Deep subsurface physicochemical conditions enrich for a conserved microbial community over time
Chemical and microbial dynamics were interrogated across three wells within the STACK shale play, OK, USA. Differences in drilling and HF techniques between the STACK-14 and STACK-16 & 17 wells (Table S1) afforded a unique opportunity to investigate how variability in the chemistry and microbiology of the input fluids (“frack fluids”) used in fracturing of the shale influenced the microbial community assembly over time.
Microbiological and chemical analyses revealed that the frack fluids (Fig. 1) for each well (STACK-14 vs.

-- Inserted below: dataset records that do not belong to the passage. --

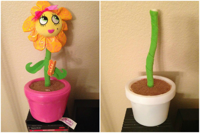 2) Construir tu propio Groot de 'Guardianes de la Galaxia'. ¿Cómo hacerlo? Primer paso: Comprar una de esas flores bailonas de plástico que venden en las ferias. Segundo paso: Quitarle el forro y sustituirlo con tela y cordel marrón. Tercer paso: Modelar una cabeza con masilla y pintarla para que encaje con la tela. Aquí tenéis el resultado, abajo del todo la fotografía con cada uno de los pasos.
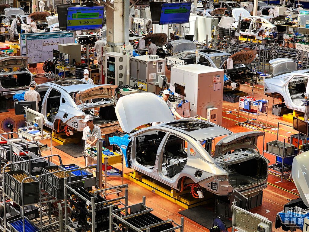△国内一家车企制造车间的新能源汽车生产线。(图/视觉中国)
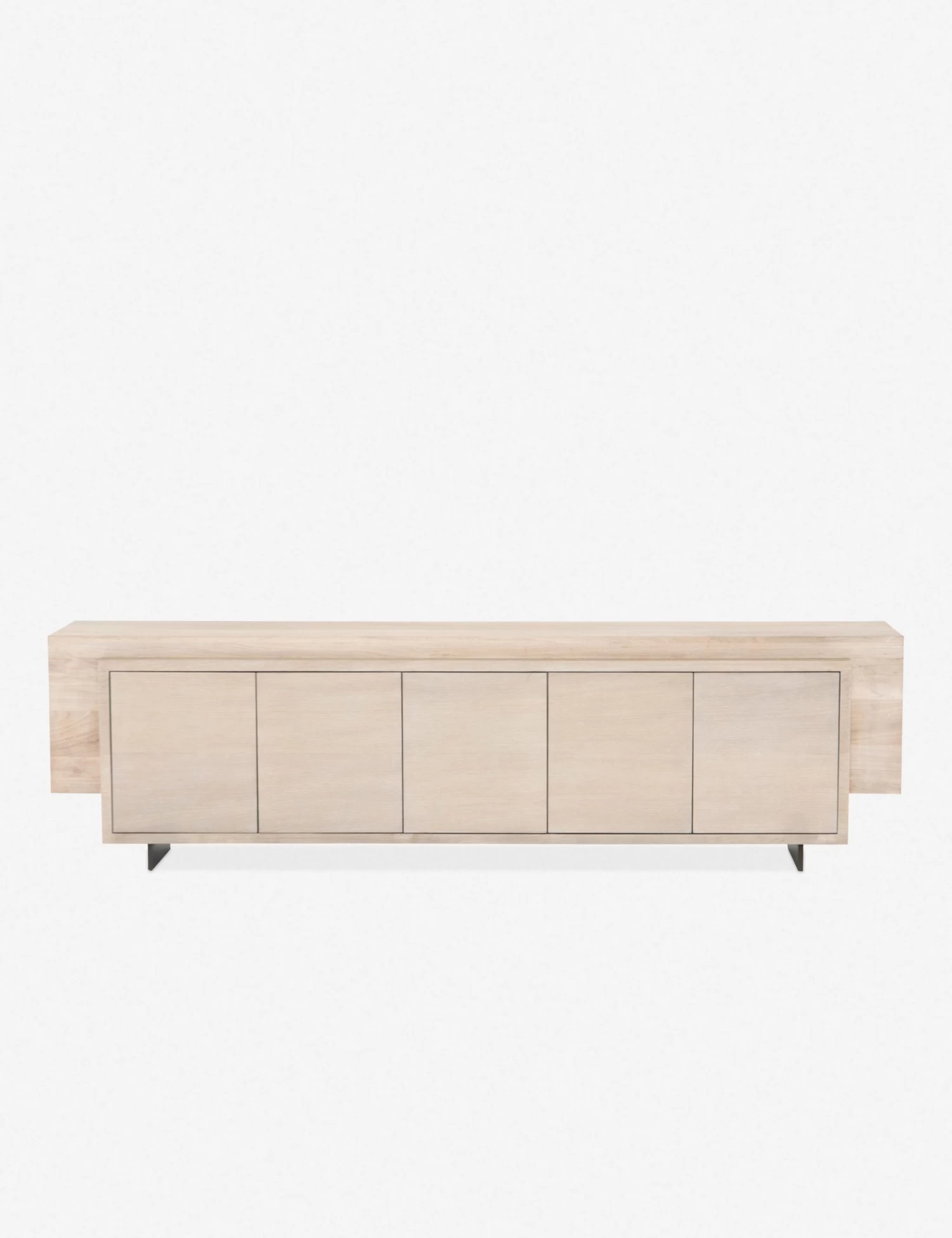 Inspired by stately Italian design, the exaggerated silhouette of this media console offers room-defining style. Its blonde-finished walnut veneer case seemingly floats atop its blackened iron legs, with pale oak veneer door fronts adding rich definition. A spacious interior comes with shelving to offer plenty of room for media storage as well as rear cutouts.
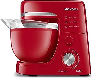 A Batedeira Planetária Mondial 700W BP-03-R tem uma potência máxima de 700W, o que possibilita bater massas de cremes, pães e claras em neve. O design da batedeira é simples e foi desenvolvido para uma alta durabilidade.
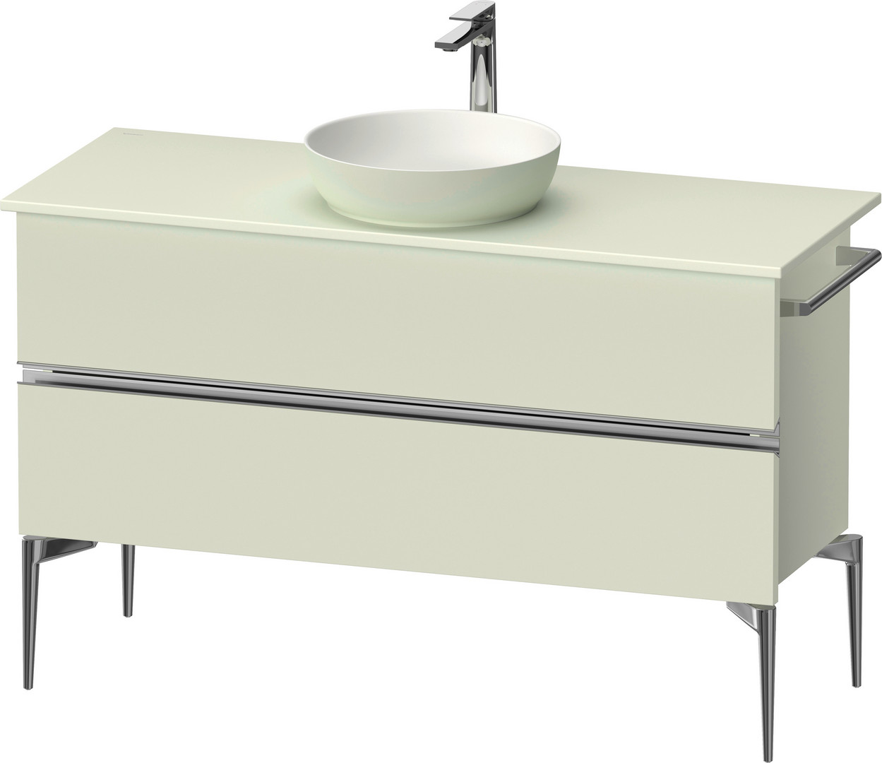 Duravit Konsolenwaschtischunterbau bodenstehend Sivida 124,5 x 54,8 x 47,5 cm, Blassgrün Matt, 2 Schubkästen, Griff chrom

STACK-16 & 17) had statistically discernable starting microbial communities (Figure S1) and metabolite chemistries (Table S4), as measured by 16S rRNA gene sequencing and Nuclear Magnetic Resonance (NMR) spectroscopy, respectively. For example, choline and isopropanol were discriminant chemical features in STACK-14 frack fluids, while acetate and glutarate were discriminant compounds in STACK-16 & 17 frack fluids (Table S4). However, despite initial differences in microbial community composition and chemical inputs, microbial communities in produced fluids collected 100 days after HF could no longer be statistically distinguished between the wells, suggesting deep subsurface shale conditions enriched for similar microbial taxa.

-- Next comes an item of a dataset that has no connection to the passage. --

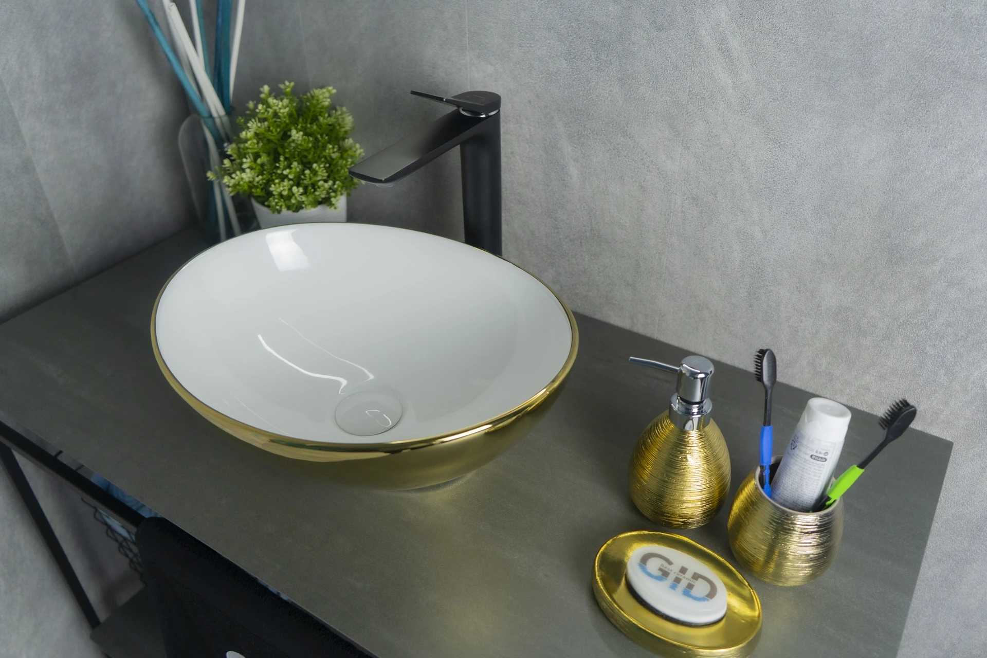 Серия Lago овальной формы — это испанское качество, соответствующее современным европейским требованиям. Раковина накладная GiD Nc999 — уникальная модель в стильном белом цвете с золотистым ободком, созданная для современного интерьера. Её овальная форма гармонично дополняет пространство, создавая акцентный элемент в ванной комнате. Мелкопористая керамика отличает раковину долговечностью, устойчивостью к загрязнениям и простотой в уходе. Благодаря отсутствию отверстия под смеситель раковина позволяет реализовать различные дизайнерские решения по размещению смесителя. Накладной монтаж обеспечивает лёгкость установки и сохраняет максимум пространства на столешнице.

Metagenome-derived insights into community composition and dynamics mirrored observations made with complementary 16S rRNA gene datasets. Briefly, dominant taxa across both datasets were affiliated with Thermotogae, Fusobacteriales, and Clostridia. Focusing on metagenomic analyses, the dominant microbial community members between the three wells were represented by 24 metagenome assembled genomes (MAGs) (achieving >5% relative abundance at any time point) (Table S5). We observed the dominance of a single, high-quality Thermotoga petrophila MAG (M2-7-6-bin.8) (92% complete, <2% contamination) in the majority of all 18 produced fluid timepoints across the 3 wells and note the overwhelming dominance of this Thermotoga MAG through the entire STACK-17 timeseries (Fig. 2). The remainder of the microbial community across the STACK wells was dominated by MAGs affiliated with Firmicutes, Desulfobacterota, and Bacteroidota, with only one Archaeal MAG recovered (Halobacterota). Three MAGs were affiliated with two novel genera, Clostridia SK-Y3 (K-7-4-bin.6) and Peptococcia DRI-13 (M1-7-4-bin.22). We were unable to assign family-level placement for two MAGs (Fusobacteriales (K-7-4-bin.55) and Desulfitibacterales (K-7-2-bin.50)), highlighting their taxonomic novelty.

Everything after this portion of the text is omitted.